We define P(x,y) in the following way: Given an initial undirected graph of n vertices, P(x,y)=1 if an induced subgraph with exactly x vertices and y edges exists. Else P(x,y)=0.
For example, let as condider the graph with adjecency matrix A [ 0 1 0 ; 1 0 0 ; 0 0 0; ] (vetrex 1 is connected with vertex 2 and vertex 3 stands alone)
P(3,1)=1, because the initital graph has 3 vertices and 1 edge.
P(2,1)=1, because if we keep vertex 1 and vertex 2 as induced subgraph, we have 2 vertices and 1 edge.
P(2,0)=1, because if we choose vertex 1 and 3 as induced subgraph ( or 2 and 3), we have 2 vertices and 0 edges.
P(1,0)=1, because if we choose any signle vertex as induced subgraph, we have 1 vertex and 0 edges.

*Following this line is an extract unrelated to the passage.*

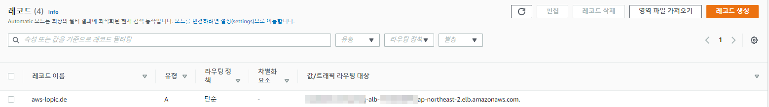 1) Route53 > 호스팅 영역 > A 유형 > 편집
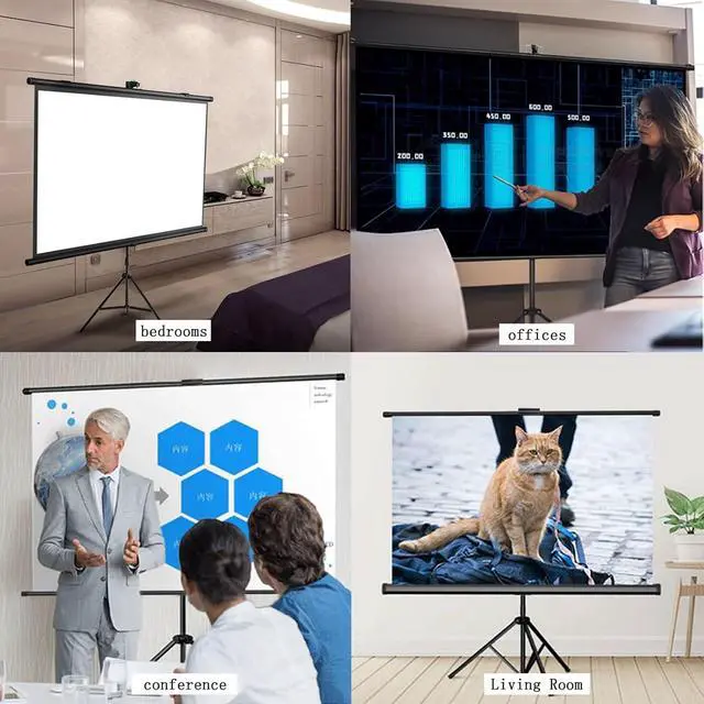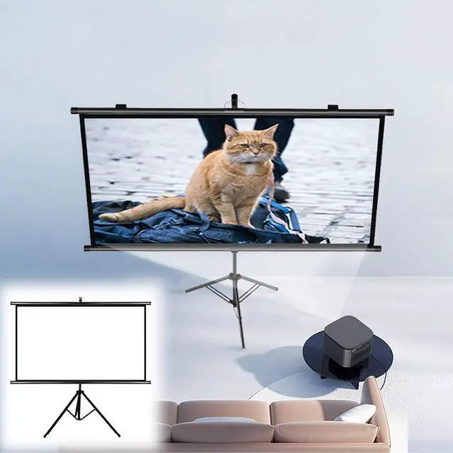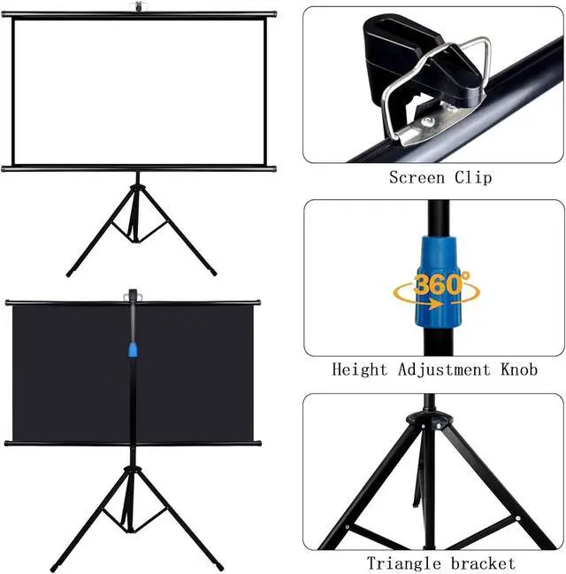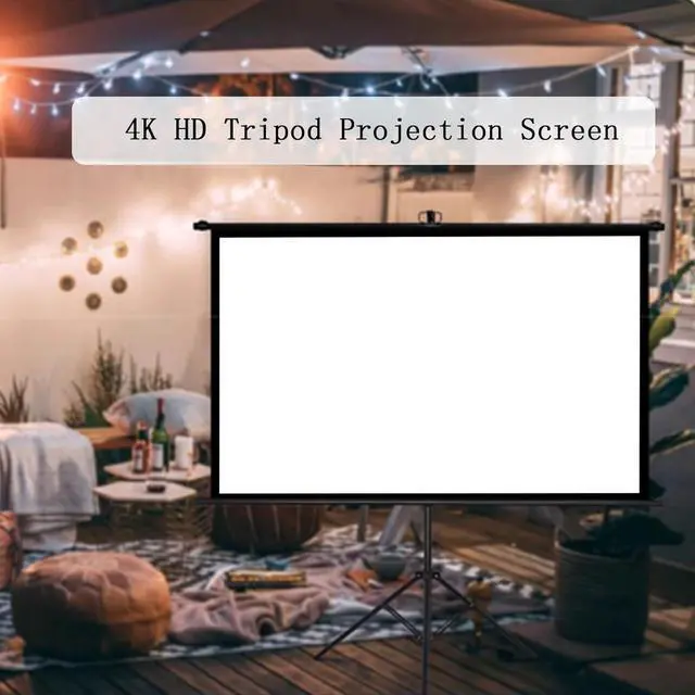 [4K HD Vivid Image] The tripod projection screen is made of high-quality white fiberglass with a wrinkle-free surface, providing excellent image reproduction, and the four black side design enhances image contrast, giving you a perfect viewing experience.

The sum of p(X,Y) is 4 in the example.
Let us now assume that we have 3 known integers : n, a, b. We also know that a - b >= n ^ (3/2) and that P(n/2 , a) = 1 and P(n/2, b)=1. ( n is an even number)
Our task is to choose the optimal initial undirected graph with n vertices, in order to minimize the sum of p(x,y) for all possible induced subgraphs. The restrictions mentioned above must also hold.
How can we find the optimal initial graph?I have been thinking about this problem for many hours, but I could not come up with a good solution.
If we ignore the P(n/2 , a) = 1 and P(n/2, b)=1 restrictions, I figured out that the optimal choise would be a graph with an adjecency matrix [ 0 0 0 .... 0 0 0 ; 0 0 0 .... 0 0 0 ....; ........... 0 0 0....] or [ 1 1 1 .... 1 1 1; 1 1 1... 1 1 1; .... 1 1 1...] , as these choices yield n as a sum of p(x,y). But taken into account the restrictions mentioned above, it is not always possible to choose that type of initial graph.